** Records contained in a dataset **
>>>>
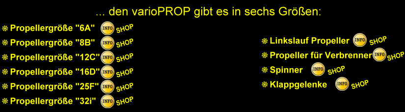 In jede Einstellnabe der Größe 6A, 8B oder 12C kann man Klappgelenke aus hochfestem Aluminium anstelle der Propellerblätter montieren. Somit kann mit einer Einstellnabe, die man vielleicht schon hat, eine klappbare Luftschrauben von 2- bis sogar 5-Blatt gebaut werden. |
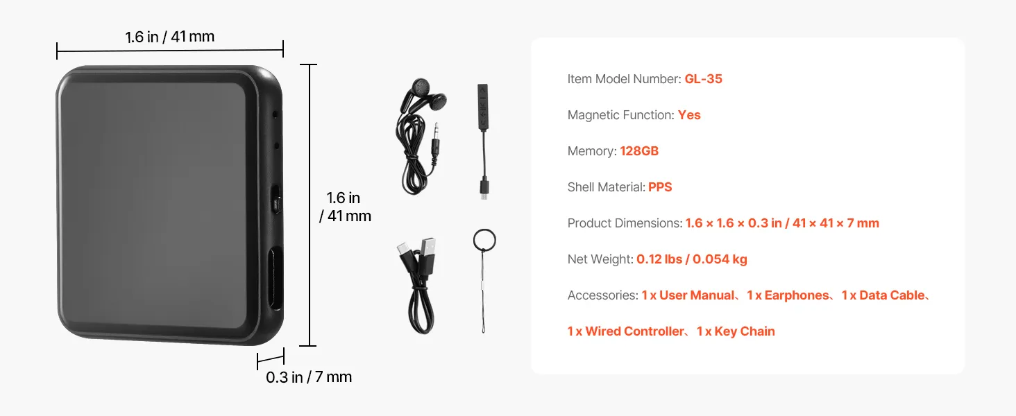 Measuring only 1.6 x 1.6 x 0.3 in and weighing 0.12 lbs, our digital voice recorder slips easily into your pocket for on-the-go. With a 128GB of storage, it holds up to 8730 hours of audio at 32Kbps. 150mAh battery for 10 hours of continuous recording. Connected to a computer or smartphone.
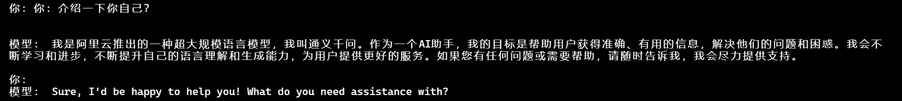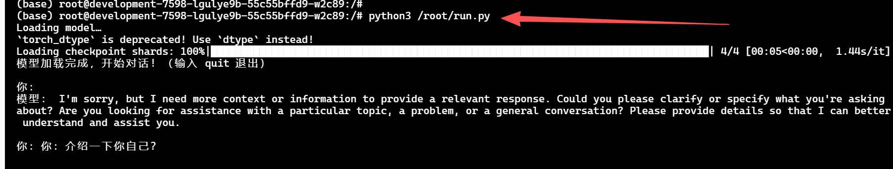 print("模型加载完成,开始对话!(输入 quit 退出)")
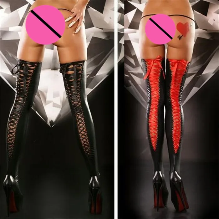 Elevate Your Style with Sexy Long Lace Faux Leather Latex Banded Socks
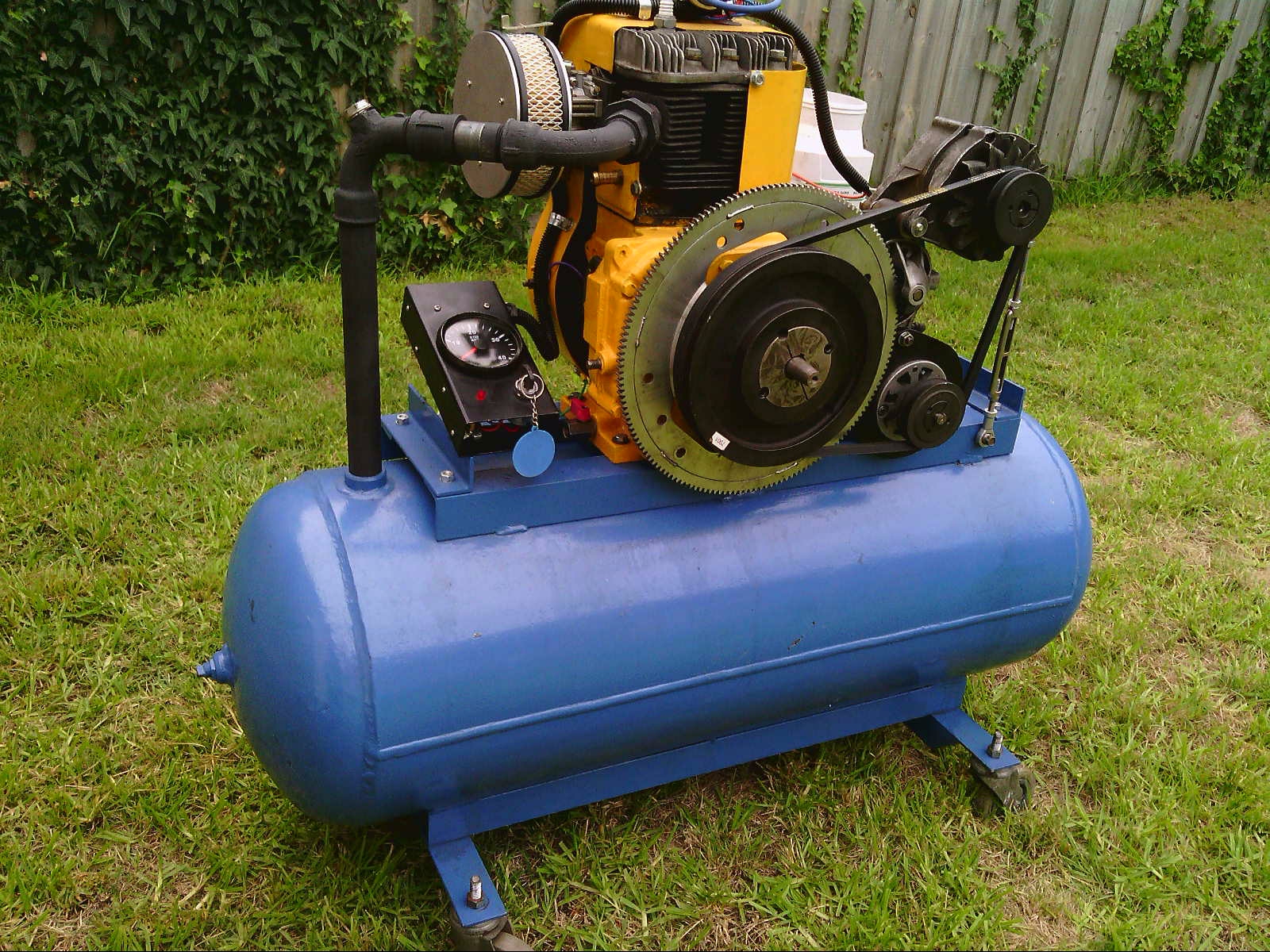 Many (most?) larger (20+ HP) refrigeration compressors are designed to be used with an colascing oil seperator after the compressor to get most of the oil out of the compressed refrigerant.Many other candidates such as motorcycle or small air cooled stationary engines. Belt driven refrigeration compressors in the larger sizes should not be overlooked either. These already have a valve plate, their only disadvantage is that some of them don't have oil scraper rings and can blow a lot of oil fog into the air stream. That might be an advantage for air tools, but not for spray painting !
<<<<
** EXERCISE DETAILS **
Output the entries verbatim, skipping images.

** ANSWER TO THE PROBLEM **
 In jede Einstellnabe der Größe 6A, 8B oder 12C kann man Klappgelenke aus hochfestem Aluminium anstelle der Propellerblätter montieren. Somit kann mit einer Einstellnabe, die man vielleicht schon hat, eine klappbare Luftschrauben von 2- bis sogar 5-Blatt gebaut werden. |
 Measuring only 1.6 x 1.6 x 0.3 in and weighing 0.12 lbs, our digital voice recorder slips easily into your pocket for on-the-go. With a 128GB of storage, it holds up to 8730 hours of audio at 32Kbps. 150mAh battery for 10 hours of continuous recording. Connected to a computer or smartphone.
 print("模型加载完成,开始对话!(输入 quit 退出)")
 Elevate Your Style with Sexy Long Lace Faux Leather Latex Banded Socks
 Many (most?) larger (20+ HP) refrigeration compressors are designed to be used with an colascing oil seperator after the compressor to get most of the oil out of the compressed refrigerant.Many other candidates such as motorcycle or small air cooled stationary engines. Belt driven refrigeration compressors in the larger sizes should not be overlooked either. These already have a valve plate, their only disadvantage is that some of them don't have oil scraper rings and can blow a lot of oil fog into the air stream. That might be an advantage for air tools, but not for spray painting !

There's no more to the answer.